Por Ricardo Benítez Fumero
En algunos pueblos de Cuba, para celebrar las fiestas de la Cruz de Mayo, se erigían altares con flores y profusamente iluminados/ Foto Ecured
Aunque en mi comarca natal esta festividad no era común que se celebrara, por esos días tomábamos el tren hasta la casa de la tía Cuca, quien, fanática de esa actividad, esperaba a mi familia cada año para disfrutarla juntos.
La Cruz de Mayo, la Santa Cruz o Fiesta de las Cruces no arraigó por igual en todas partes de Cuba. Se efectuaba cada tres de mayo, fecha en que, supuestamente, Santa Elena encontró (hacia el siglo III de nuestra era), el madero en el que murió Jesucristo, en Jerusalén.
Traída a la Mayor de las Antillas, la fiesta prosperó más en las localidades donde se asentó la población de origen canario. Ese día, en un determinado lugar del pueblo, se erigía un altar, en cuyo centro se colocaba una cruz de madera pintada de rojo.
Hasta en la última casa del pueblo sus moradores aportaban flores para adornarla de forma llamativa, al punto de que personas de paso y otras llegadas precisamente para participar en el jolgorio, declaraban no haber visto nada semejante, en cuanto a belleza, en ninguna parte.
Recuerdo que los más chicos nos divertíamos sobremanera: ayudábamos en el trasiego de flores y, cada vez que podíamos, nos dábamos una escapadita a la orilla del río para tirar piedras al agua y ver quién tenia mejor puntería. Entre tanto, las mujeres de la casa apremiaban al fogón con vistas a tener listos a tiempo los dulces y otros comestibles.

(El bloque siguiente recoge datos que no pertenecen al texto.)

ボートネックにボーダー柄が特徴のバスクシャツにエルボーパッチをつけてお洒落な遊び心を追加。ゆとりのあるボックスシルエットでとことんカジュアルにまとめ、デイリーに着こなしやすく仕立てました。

Lo mejor de la fiesta estaba reservado para la noche. Apenas oscurecido, los organizadores de ese año encendían multitud de velas, cuyo espectáculo promovía la devoción popular. Terminada esta tarea, comenzaba la música y las parejas bailaban y hacían sus evoluciones danzarías alrededor de la santa cruz.
En ocasiones se armaba una especie de parranda, durante la cual los repentistas improvisaban décimas relacionadas con el viacrucis de Jesucristo, al final de las cuales, por votación popular, se declaraba el ganador de la canturía.

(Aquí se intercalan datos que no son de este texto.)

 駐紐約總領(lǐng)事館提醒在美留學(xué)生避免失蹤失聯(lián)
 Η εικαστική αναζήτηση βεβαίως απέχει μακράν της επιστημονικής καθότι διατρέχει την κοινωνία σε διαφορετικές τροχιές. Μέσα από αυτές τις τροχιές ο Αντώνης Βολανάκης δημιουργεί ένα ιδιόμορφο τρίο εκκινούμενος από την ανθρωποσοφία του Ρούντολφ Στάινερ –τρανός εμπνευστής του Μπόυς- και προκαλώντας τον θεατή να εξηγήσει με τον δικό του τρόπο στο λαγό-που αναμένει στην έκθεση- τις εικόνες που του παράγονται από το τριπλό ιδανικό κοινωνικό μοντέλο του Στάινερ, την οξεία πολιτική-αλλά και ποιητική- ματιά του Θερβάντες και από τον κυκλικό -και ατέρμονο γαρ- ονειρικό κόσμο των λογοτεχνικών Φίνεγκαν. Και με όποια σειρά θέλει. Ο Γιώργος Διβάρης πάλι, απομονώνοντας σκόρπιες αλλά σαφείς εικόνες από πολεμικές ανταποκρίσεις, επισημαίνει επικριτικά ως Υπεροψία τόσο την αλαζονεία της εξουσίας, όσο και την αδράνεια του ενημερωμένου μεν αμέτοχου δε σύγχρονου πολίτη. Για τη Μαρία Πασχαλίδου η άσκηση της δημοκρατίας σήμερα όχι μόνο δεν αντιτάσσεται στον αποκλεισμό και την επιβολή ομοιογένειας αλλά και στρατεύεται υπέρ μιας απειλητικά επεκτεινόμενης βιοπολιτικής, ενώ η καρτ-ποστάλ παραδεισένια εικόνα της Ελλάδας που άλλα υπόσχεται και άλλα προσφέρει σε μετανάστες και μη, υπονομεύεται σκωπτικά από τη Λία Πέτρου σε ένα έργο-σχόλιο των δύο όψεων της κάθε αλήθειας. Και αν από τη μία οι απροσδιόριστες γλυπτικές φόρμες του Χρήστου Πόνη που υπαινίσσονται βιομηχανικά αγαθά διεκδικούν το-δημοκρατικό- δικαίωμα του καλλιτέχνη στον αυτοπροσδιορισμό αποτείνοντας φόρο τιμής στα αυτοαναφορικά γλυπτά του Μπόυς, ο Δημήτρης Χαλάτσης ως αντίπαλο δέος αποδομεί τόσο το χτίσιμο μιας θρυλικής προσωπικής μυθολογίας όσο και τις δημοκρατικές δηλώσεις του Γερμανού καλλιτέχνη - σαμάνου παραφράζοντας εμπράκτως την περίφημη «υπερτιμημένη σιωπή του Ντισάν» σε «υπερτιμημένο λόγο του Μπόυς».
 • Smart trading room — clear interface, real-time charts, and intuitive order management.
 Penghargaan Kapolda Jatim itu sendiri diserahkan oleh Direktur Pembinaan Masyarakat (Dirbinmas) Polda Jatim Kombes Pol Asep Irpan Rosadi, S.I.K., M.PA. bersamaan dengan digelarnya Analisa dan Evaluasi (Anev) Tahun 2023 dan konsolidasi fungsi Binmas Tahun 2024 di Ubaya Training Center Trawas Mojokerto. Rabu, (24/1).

Mientras tanto, los más chicos nos desplazábamos libremente por entre la multitud y, cada vez que podíamos, nos acercábamos al altar para tratar de hurtar algún dulce, cuyo intento iba acompañado de coscorrones y gritos de las mujeres con intención de espantarnos.

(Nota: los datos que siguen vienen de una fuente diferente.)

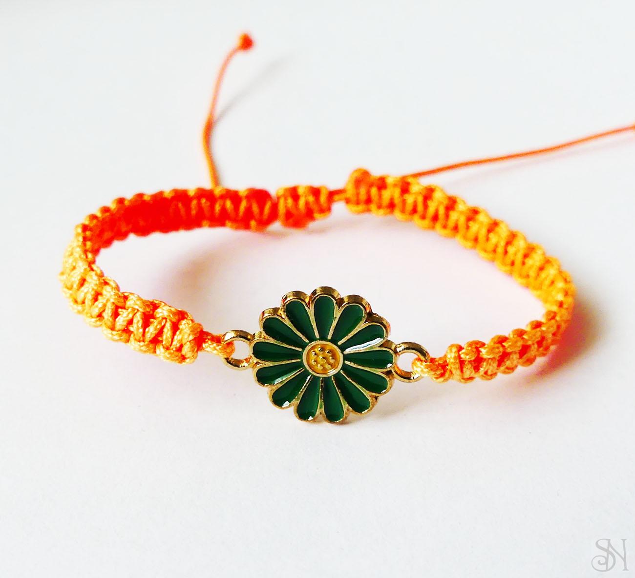 Oranžový náramok vyrobený zo šnúrky s korálkou kvetu. Praktické posuvné makramé zapínanie - náramok sa roztiahne a stiahne podľa potreby.
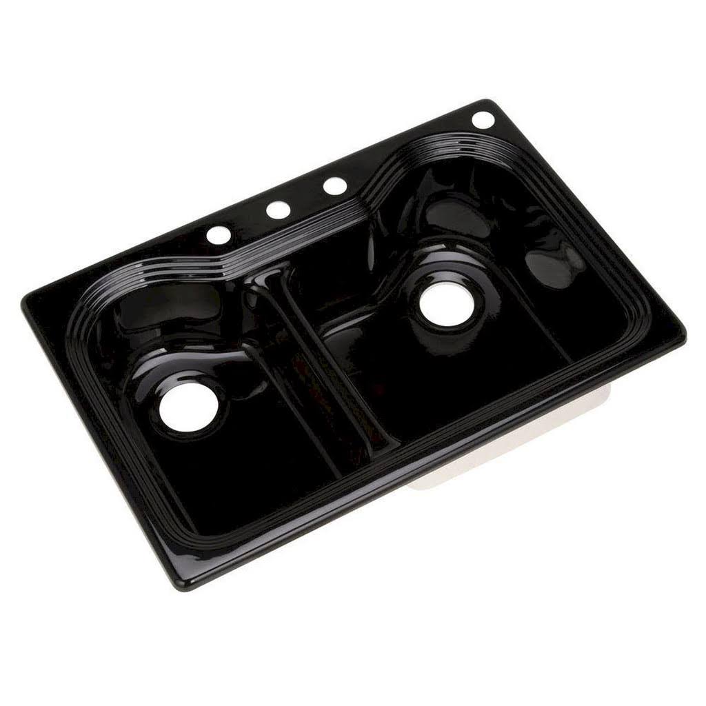 Thermocast Breckenridge Drop-In Acrylic 33 in. 4-Hole Double Bowl Kitchen Sink in Black
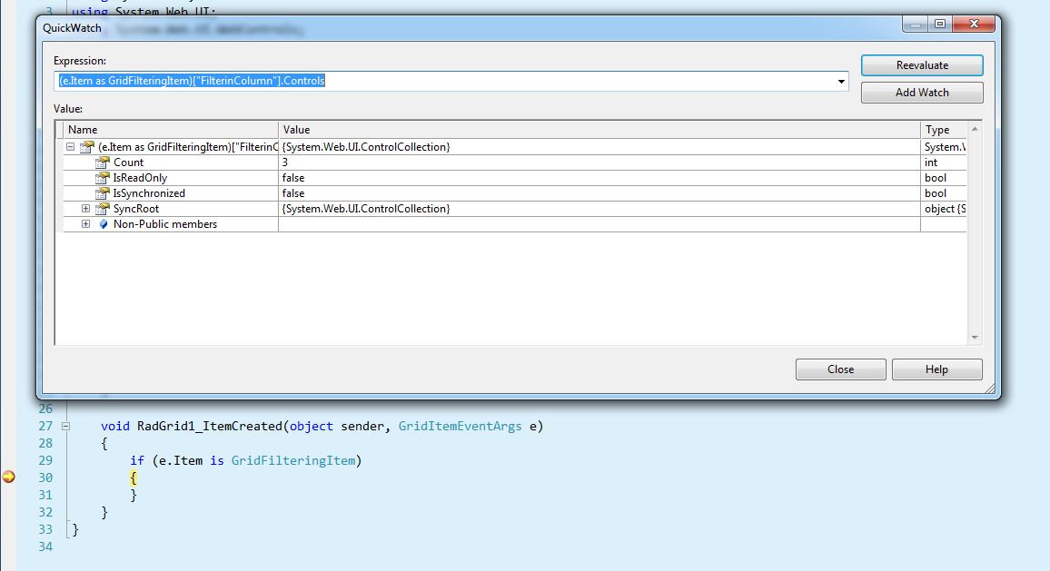 You can easily examine the Controls collection by using the Quick Watch dialog box in Visual Studio by checking first the length of the collection and if it is larger than 0 - checking each index separately. You can read more on Quick Watch at that address. Additionally, I attach a screenshot demonstrating how I inspected the filtering item.

A determinada hora, cuando las velas y cirios comenzaban a chisporrotear para apagarse, los adultos nos conminaban al silencio, y todos dirigían su vista hacia el cielo austral, donde algunos decían ver a esa hora la constelación de la Cruz del Sur, que, ese día, milagrosamente, se hacía visible en el hemisferio norte.
Cuando el momento estelar de la observación de la cruz en el cielo había pasado y el altar comenzaba a perder visibilidad nocturna, grandes y chicos atacábamos los dulces y comestibles, al tiempo que, los más enérgicos persistían en bailar todavía un poco.